2.3. Animal tumor models and treatment protocols

Xenograft pancreatic tumor models were generated by subcutaneous implantation of 2×10⁶ MiaPaCa2 or BxPC3 cells resuspended in 40 µl of serum-free medium into 6-week old male NOD/SCID mice. Vismodegib was administered orally once a day at different doses (40mg/Kg or 100mg/Kg, as indicated) from day 35 in MiaPaCa2 and day 4 in BxPC3 post-implantation, 10 days before the initiation of chemotherapy. Gemcitabine (50 mg/kg) was administered by intraperitoneal (i.p.) injection when tumors reached an average size of ~200 mm³; from day 45 in MiaPaCa2 and day 13 in BxPC3 post-implantation, every 72 hours. Orthotopic xenograft breast tumors were generated by implantation of 5×10⁵ MCF10CA1a cells resuspended in 40 µl of serum-free medium into the mammary fat pad of 6-week old female CD1 nude immunodeficient mice. Vismodegib (40 mg/kg) was administered orally from day 4 post-implantation. In both models, Doxil (3mg/kg) and Abraxane (20 mg/kg) were administered by intravenous (i.v.) injections on day 14 and 21 post-implantation [8, 21–23]. During the course of each experiment, tumor growth was monitored daily and the planar dimensions (x, y) were measured using a digital caliper. Tumor volume was calculated using the volume of an ellipsoid and assuming that the third dimension, z, is equal to xy. All in vivo experiments were conducted in accordance with the animal welfare regulations and guidelines of the Republic of Cyprus and the European Union under a license acquired by the Cyprus Veterinary Services (No CY/EXP/PR.L1/2014), the Cyprus national authority for monitoring animal research.

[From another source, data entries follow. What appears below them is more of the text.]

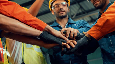 Skillful worker stand together showing teamwork in the factory . Industrial people and manufacturing labor concept .
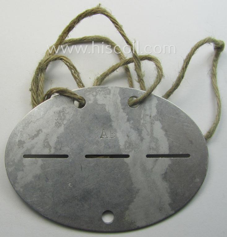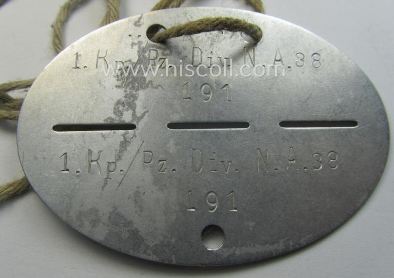 Aluminium-based, WH (Heeres) 'Panzer-Nachrichten'-related ID-disc bearing the clearly stamped unit-designation that reads: '1.Kp./Pz.Div.N.A.38' and that comes mounted onto its period cord as issued and/or worn
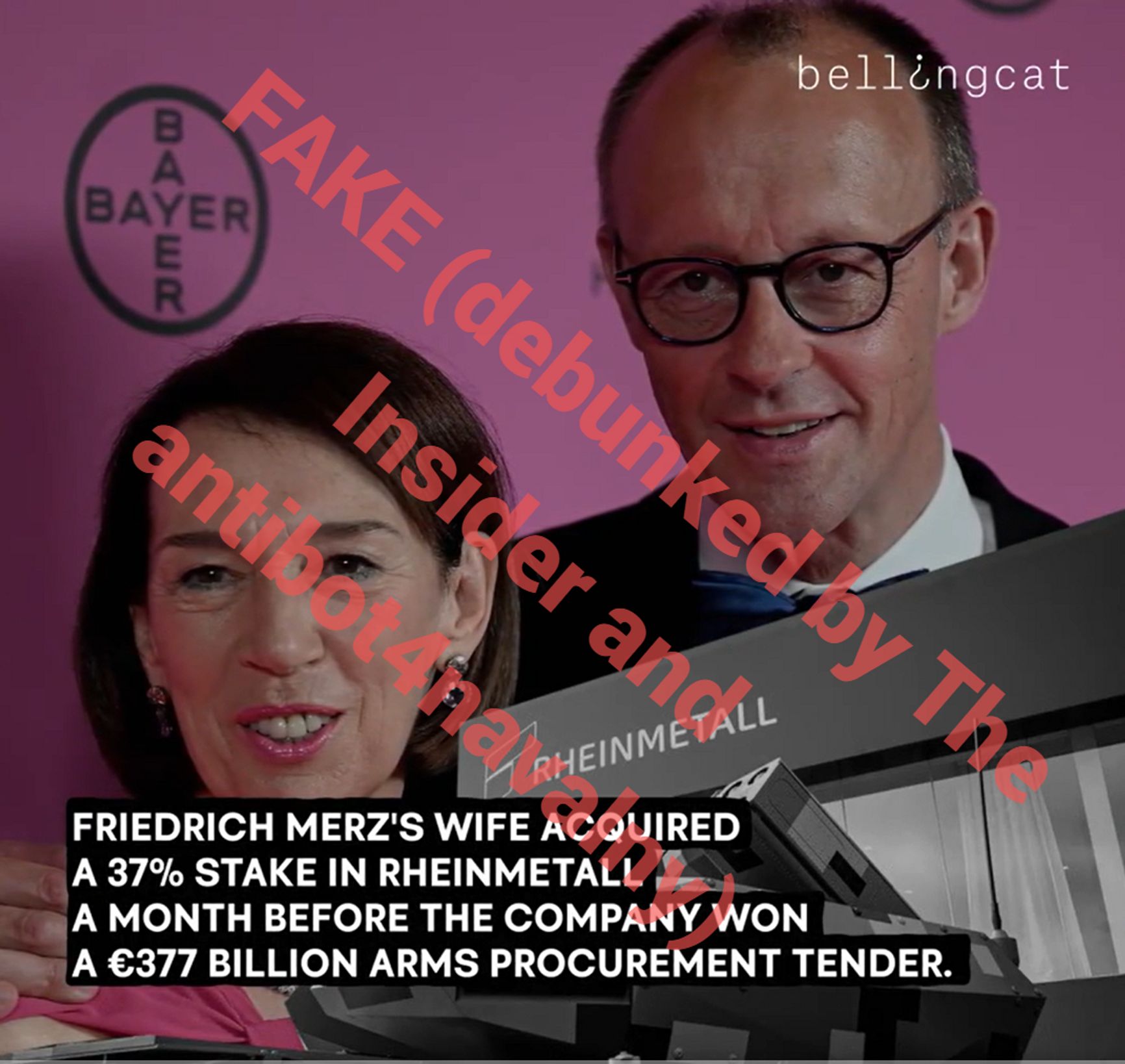 В одном из этих видео, которое выдают за ролик расследовательского проекта Bellingcat, говорится, что жена канцлера Германии Фридриха Мерца якобы приобрела 37% акций немецкого оборонного концерна Rheinmetall прямо перед тем, как компания выиграла тендер на поставку вооружений на сумму €377 млрд. При этом Шарлотта Мерц работает судьей, и ее право владеть акциями компаний сильно ограничено требованиями к сохранению беспристрастности и независимости, а в €377 млрд евро оценивается весь объем инвестиций, предназначенный не только Rheinmetall. Любопытно, что «Матрёшка» не в первый раз использует подобное обвинение, — во время кампании по дискредитации французских министров боты распространяли видео, в котором утверждалось, что муж нового министра обороны Катрин Вотрен Жан-Лу Пеннафорт якобы владеет контрольным пакетом акций французского отделения франко-немецкого оборонного концерна KNDS. При этом Жан-Лу Пеннафорт — доктор медицины, ученый и заведующий отделением в Университетском больничном центре в Реймсе, никак не связанный с военной промышленностью.
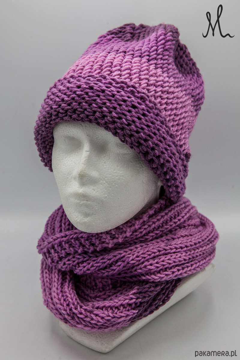 Na moim profilu możesz dokupić Fiołkowy Komin otulacz na szyję wykonany z tej samej włóczki.
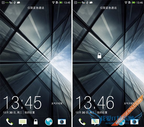 锁屏界面:默认以蓝天大厦为锁屏背景,信息显示和快捷图标都集中在屏幕底部,通过上划时间、图标来进行解锁和开启应用。此外,这款手机支持指纹解锁,可以通过触控机身背面的识别区来进行快速解锁。
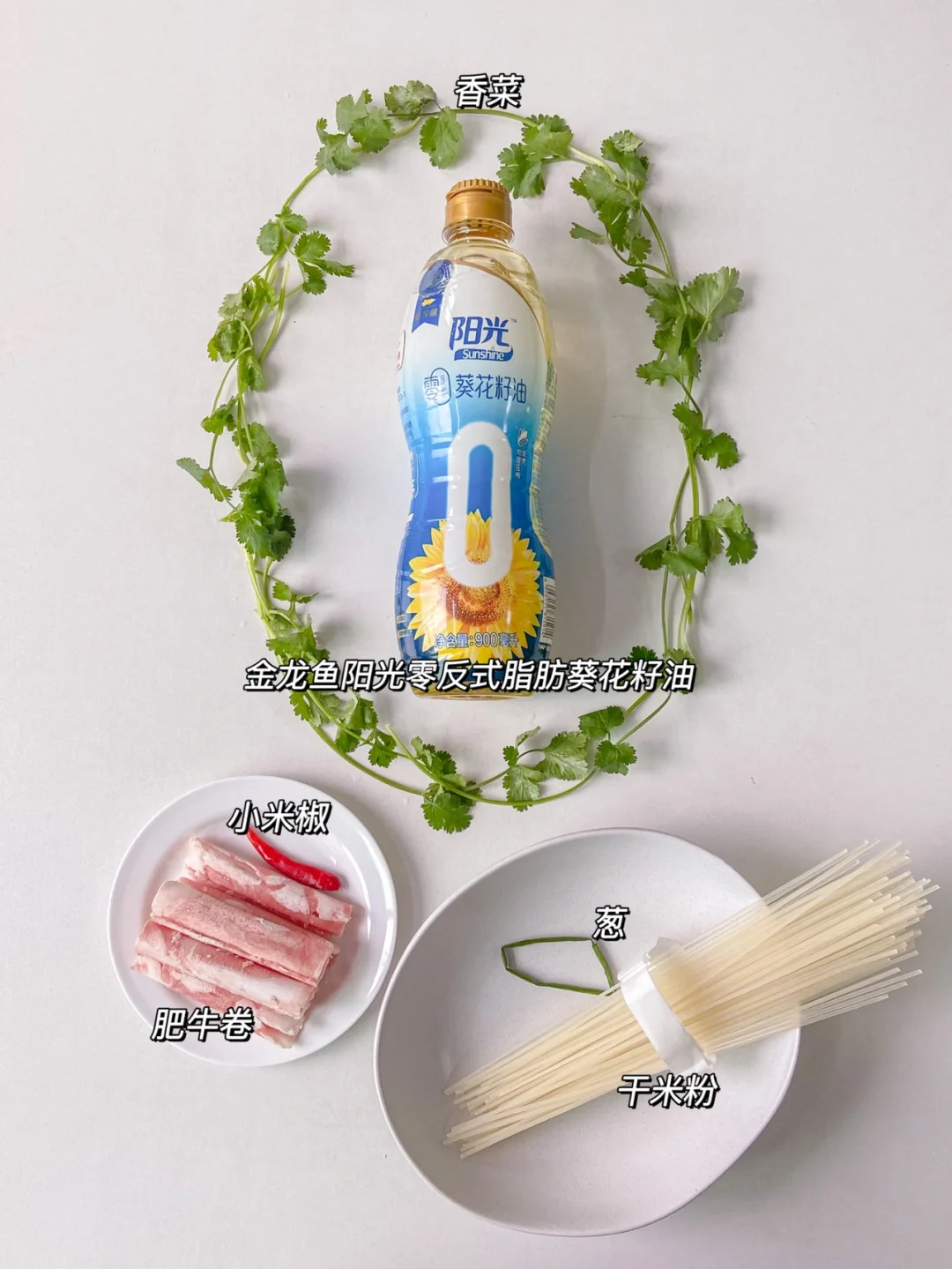 米粉 肥牛 葱花 小米辣 香菜 金龙鱼阳光零反式脂肪葵花籽油
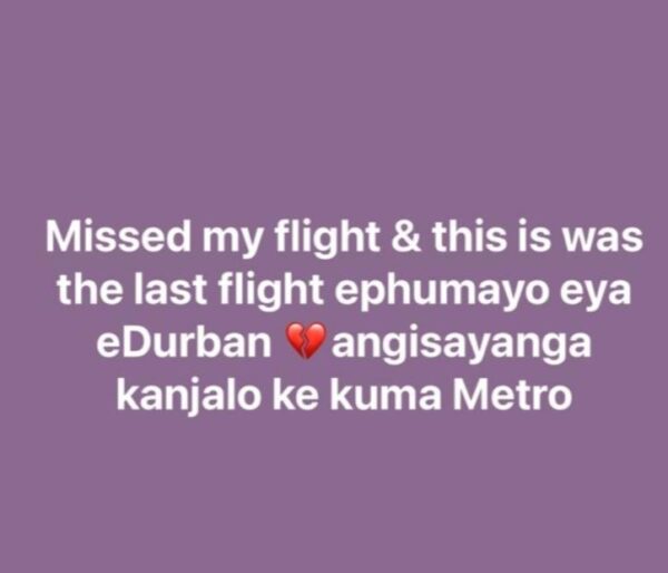 “Missed my flight and this is the last flight ephumayo eya eDurban angisayanga Kanjalo ke kuma Metro,” she wrote.
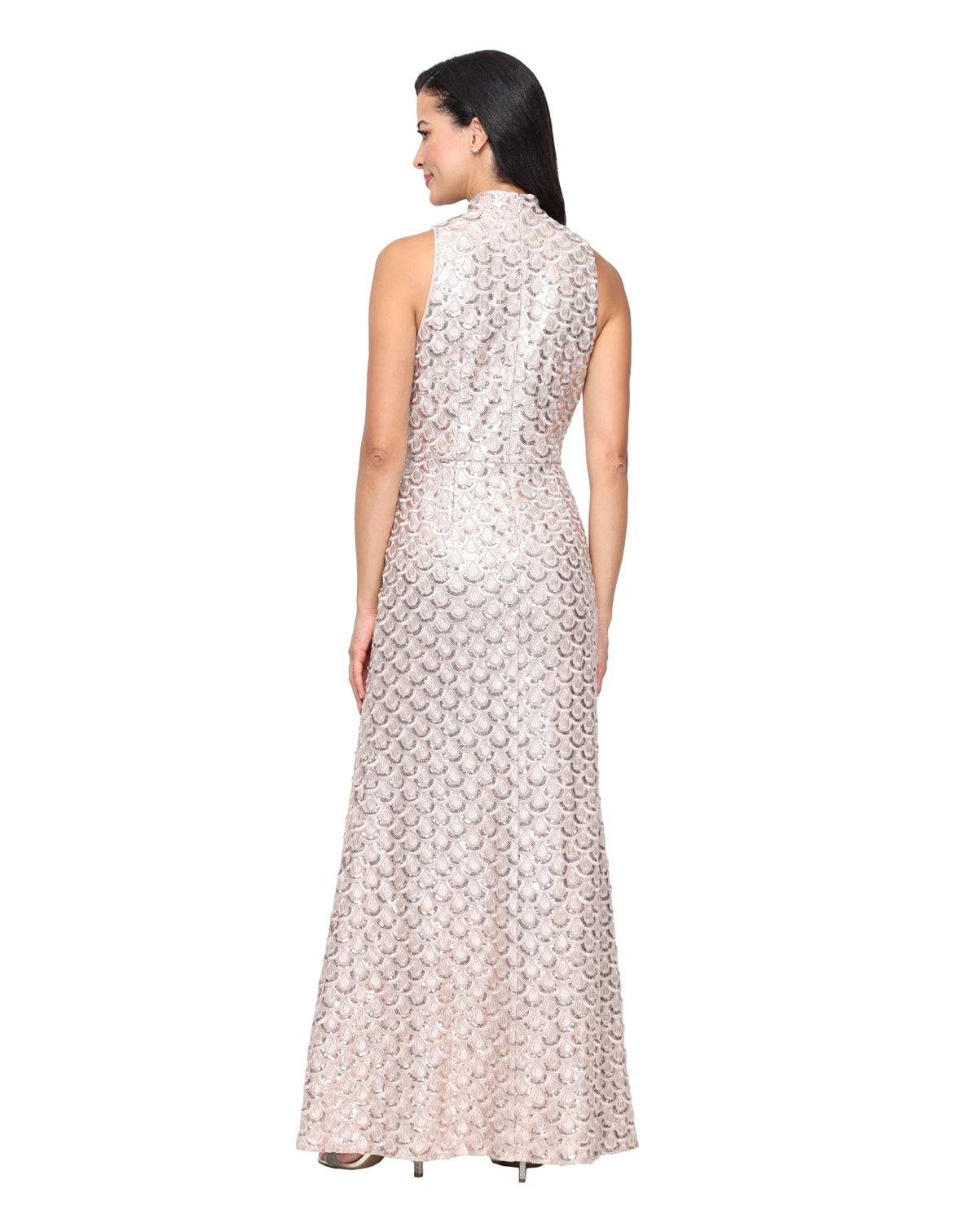 Shine for formal events in this sleeveless embroidered dress from Alex Evenings, featuring a v-neckline and A-line silhouette. A back zipper closure offers a secure, flattering fit for Mother of the Bride occasions.
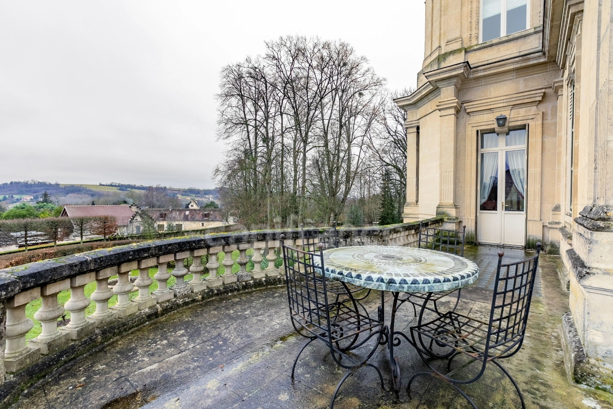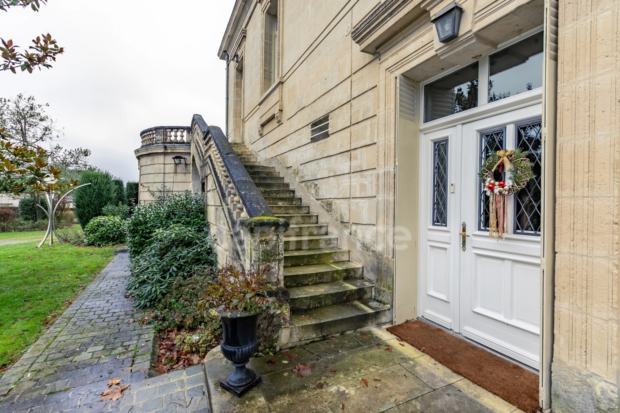 Garage et nombreuses dépendances aménagées, caves et piscine couverte avec terrasses et balcons.
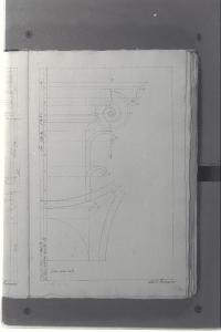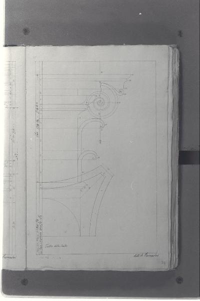 - NOTIZIE STORICO CRITICHE Il cosiddetto "Album Piermarini" è un taccuino di particolari e note, un fascicolo di 58 fogli (116 pagine) che raccoglie disegni e scritti riferiti a opere di Piermarini, Pellegrini, Segrè, Richino e Giocondo Albertolli; di questi, probabilmente nessuno è autografo di Piermarini. La sua impaginazione, la tecnica disegnativa impiegata in gran parte dei fogli e l'aspetto grafico sembrano quelli preparatori a incisioni per una pubblicazione: secondo parte della critica, potrebbe trattarsi di una bozza, redatta da un collaboratore (forse Marcellino Segrè), al fine di farne un manuale a uso dell'Accademia di Belle Arti. L'album è una copia del secondo dei due Zibaldoni di Giuseppe Piermarini, conservati presso la Biblioteca Comunale di Foligno con il titolo "Libro di appunti, ricordi, disegni vari".\nIl foglio mostra un particolare della facciata del Teatro alla Scala.
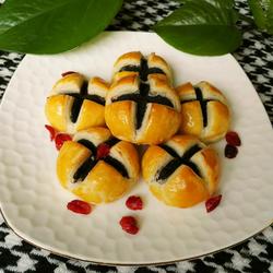 Just mix the dough and pastry according to the ingredients and knead evenly.When making crosses, be sure to wait until the egg liquid dries before making the cross, otherwise it will be easily deformed! Make the incision as large as possible, it will look more beautiful after shaping! The specific temperature depends on your own oven.
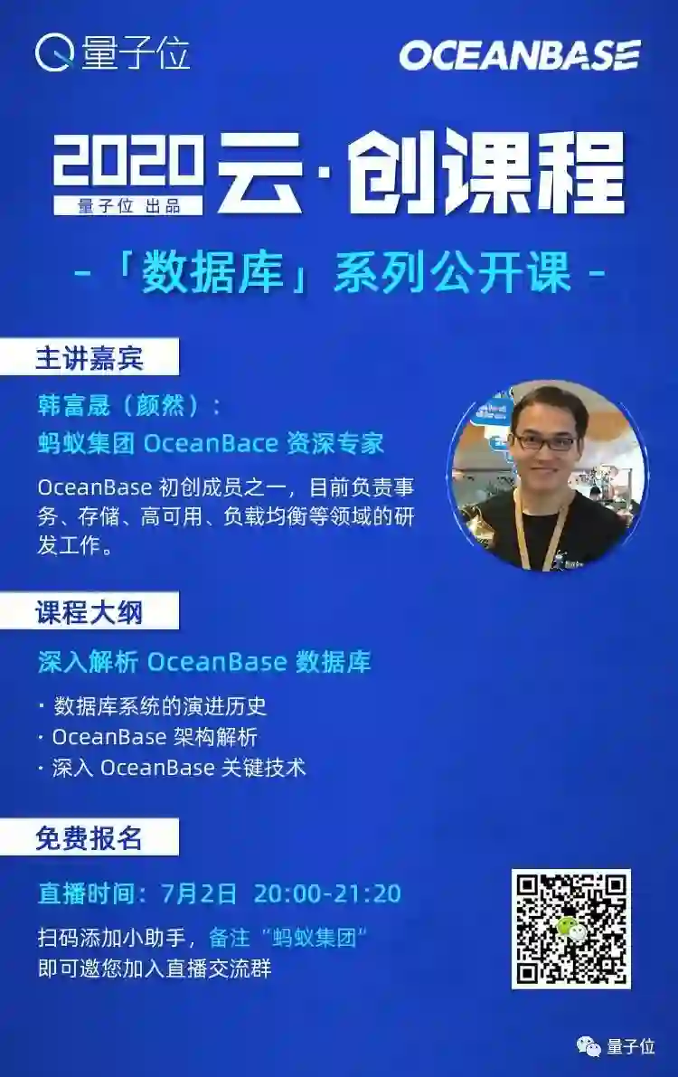 近期,量子位发起了以数据库为主题的免费公开课,邀请来自蚂蚁集团、腾讯云、浪潮等头部企业的数据库技术线负责人,围绕数据库的行业现状、趋势与技术进展等内容,以线上直播的形式为大家带来3期分享。

To study alterations in the tumor microenvironment, right before the end of each treatment protocol, animals were anesthetized by i.p. injection of Avertin (200mg/kg) and interstitial fluid pressure was measure using the wick-in-needle technique [3, 24, 25]. Next, mice were injected intracardially with 100µl biotinylated lectin (1mg/ml, Vector Labs), which was allowed to distribute throughout the body for 7 minutes [7–9]. Finally, mice were sacrificed via CO2 inhalation and tumors were excised for measurement of mechanical properties and/or histological analysis.